Every market’s demand will have different price points at which demand reduces as prices rise. In the off-grid mining industry, where solar is competing with diesel or LNG for electricity supply, the economic decision is unlikely to be affected by such price increases. In the on-grid utility market, projects are very price-sensitive, particularly for projects that have won competitive auctions based on module prices six to 12 months ago. The rooftop PV space will be dependent on local tariffs and incentives. While there is significant uncertainty on inflationary pressures from commodities, the results highlight the possibility of a negative growth year for PV in 2022.
Modules and their associated shipping costs typically comprise between a quarter and a third of total project capex and together represent the single-largest item of a project’s cost. When the cost of modules – and shipping – increases, it can therefore have a significant impact on project economics.
Rystad Energy performed a sensitivity analysis to determine the LCOE for different plant sizes, comparing last year’s module and shipping costs with the current costs. The results show that the LCOE of new projects will have increased by between 10% and 15%. Such price rises could have a multitude of effects: they could lead to a reduction in demand as projects are cancelled or delayed; the increased cost could be passed onto the offtaker in the form of higher power purchase agreement prices; or developers could accept higher costs.
The current bottlenecks are not expected to be relieved within the next 12 months, meaning developers and offtakers will have to decide whether to reduce their margins, delay projects or increase offtake prices to get projects to financial close. Rystad Energy forecasts that 50GW of utility PV that is due to start construction in the first half of next year is at risk of delay or cancellation due to cost inflation. Alternatively, higher power purchase agreements (PPAs) will need to be negotiated or developers will have to accept higher project costs, which will lower margins.
Capacity increase needed
In the longer term, the solar industry must increase capacity and continue to fight cost escalation to meet climate change goals. Rystad Energy estimates that to maintain the global temperature increase below 1.5°C, we should have module production capacity of 1,200–1,400GW by 2035 to be handle the peak installations needed.

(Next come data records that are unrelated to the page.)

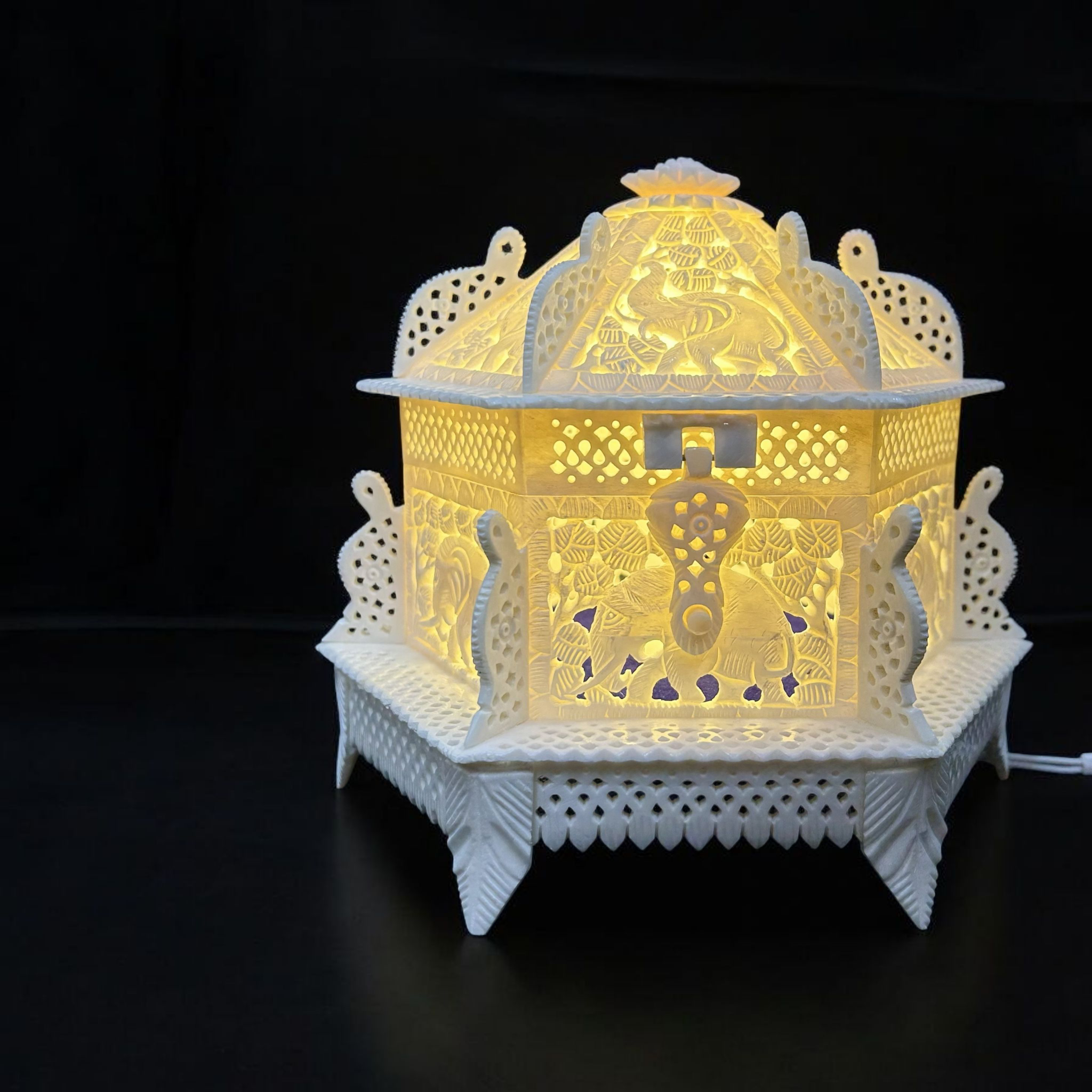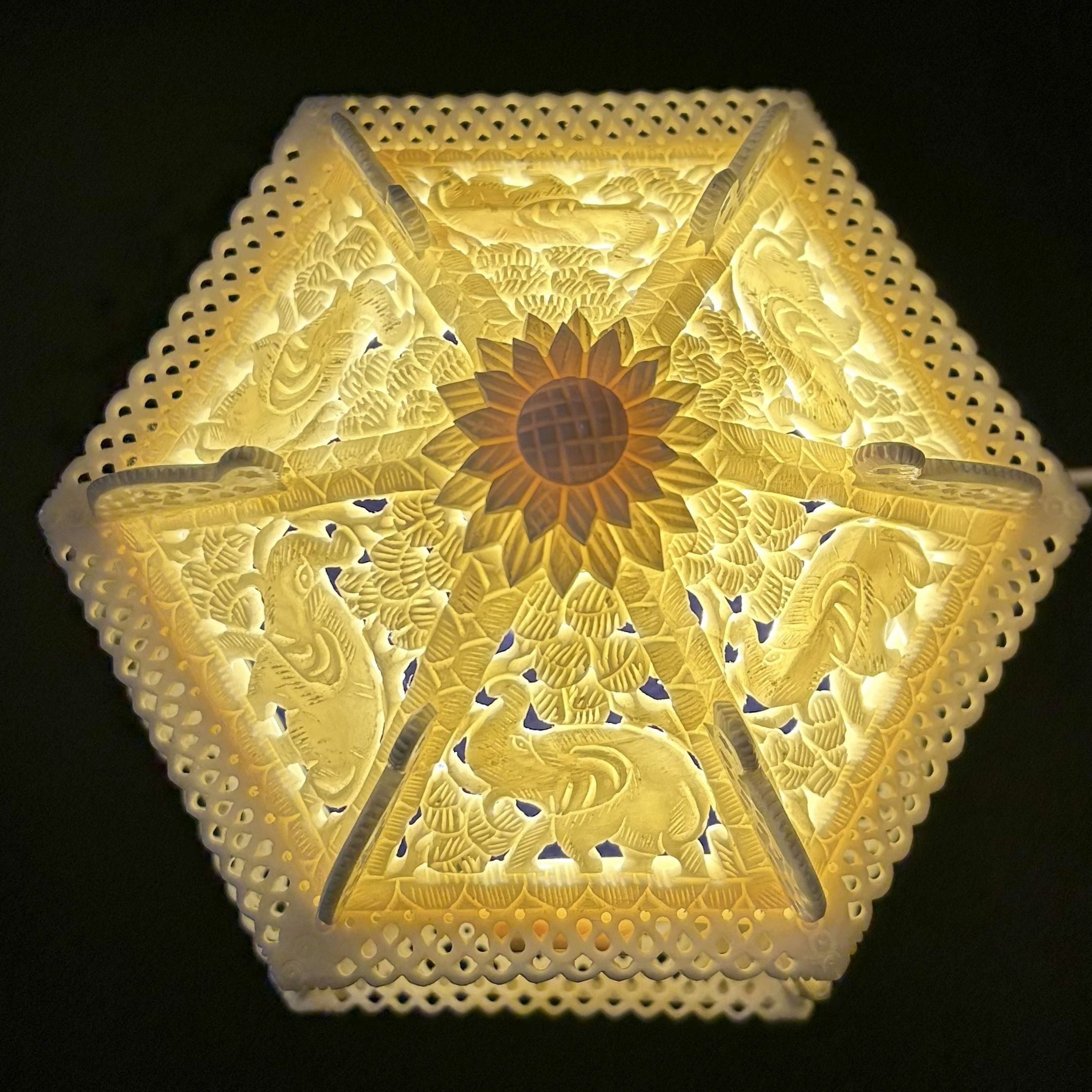 Design: A fusion of heritage and modern elegance, casting a soft, warm glow through fine carvings.
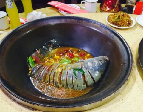 装潢风格比较复古,陈设比较精美,大厅中间是水池,吃那条现捞,两边是包间,很有特色。桌子上两口大铁锅,看的人很有食欲,五个人选了一条鱼,几条黄辣丁,里面加入豆腐,洋芋,粉条,茄子等配菜,一起放入铁锅...装潢风格比较复古,陈设比较精美,大厅中间是水池,吃那条现捞,两边是包间,很有特色。桌子上两口大铁锅,看的人很有食欲,五个人选了一条鱼,几条黄辣丁,里面加入豆腐,洋芋,粉条,茄子等配菜,一起放入铁锅,加盖现炖,甜香,吃起来真是不错,辣味的锅底还是可以,推荐尝尝。
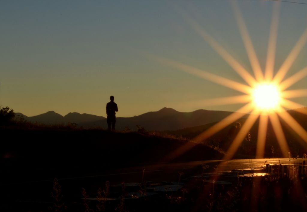 In cammino al sorgere del sole, Alto di San Roque, Camino de Santiago, Spagna.
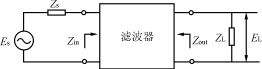 EMI滤波器是具有互易性的,即把负载接在电源端还是负载端均可。在实际应用中,为达到有效抑制EMI信号的目的,必须根据滤波器两端将要连接的EMI信号源阻抗和负载阻抗来选择该滤波器的网络结构和参数。当EMI滤波器两端阻抗都处于失配状态时,即图5中Zs≠Zin、ZL≠Zout时,EMI信号会在其输入和输出端产生反射,增加对EMI信号的衰减。其信号的衰减A与反射Γ的关系为:

For solar panel manufactures to achieve this milestone, the aggregated production capacity should ideally grow annually at a rate of 10%. In the past, module capacity has grown at a similar rate, however, with the current supply shortages in essential raw materials like polysilicon, silver and glass, and the price hike in auxiliary raw materials, it would be a very ambitious and unrealistic target for solar companies to achieve. In fact, by 2035, the solar PV industry would have to source seven times more silver than it does today, when it already consumes 10% of global silver production.
Nevertheless, if we consider limiting global warming to 1.7°C, we could be able to achieve this scenario even with current supply constraints. As we have enough capacity for another eight years, this should give solar companies more time to expand production capacity. To accomplish the 1.7°C scenario, companies should be able to expand production capacity to 1,000GW–1,200GW by 2045, while still consuming a large part of silver and polycrystalline, but allowing supply to adapt.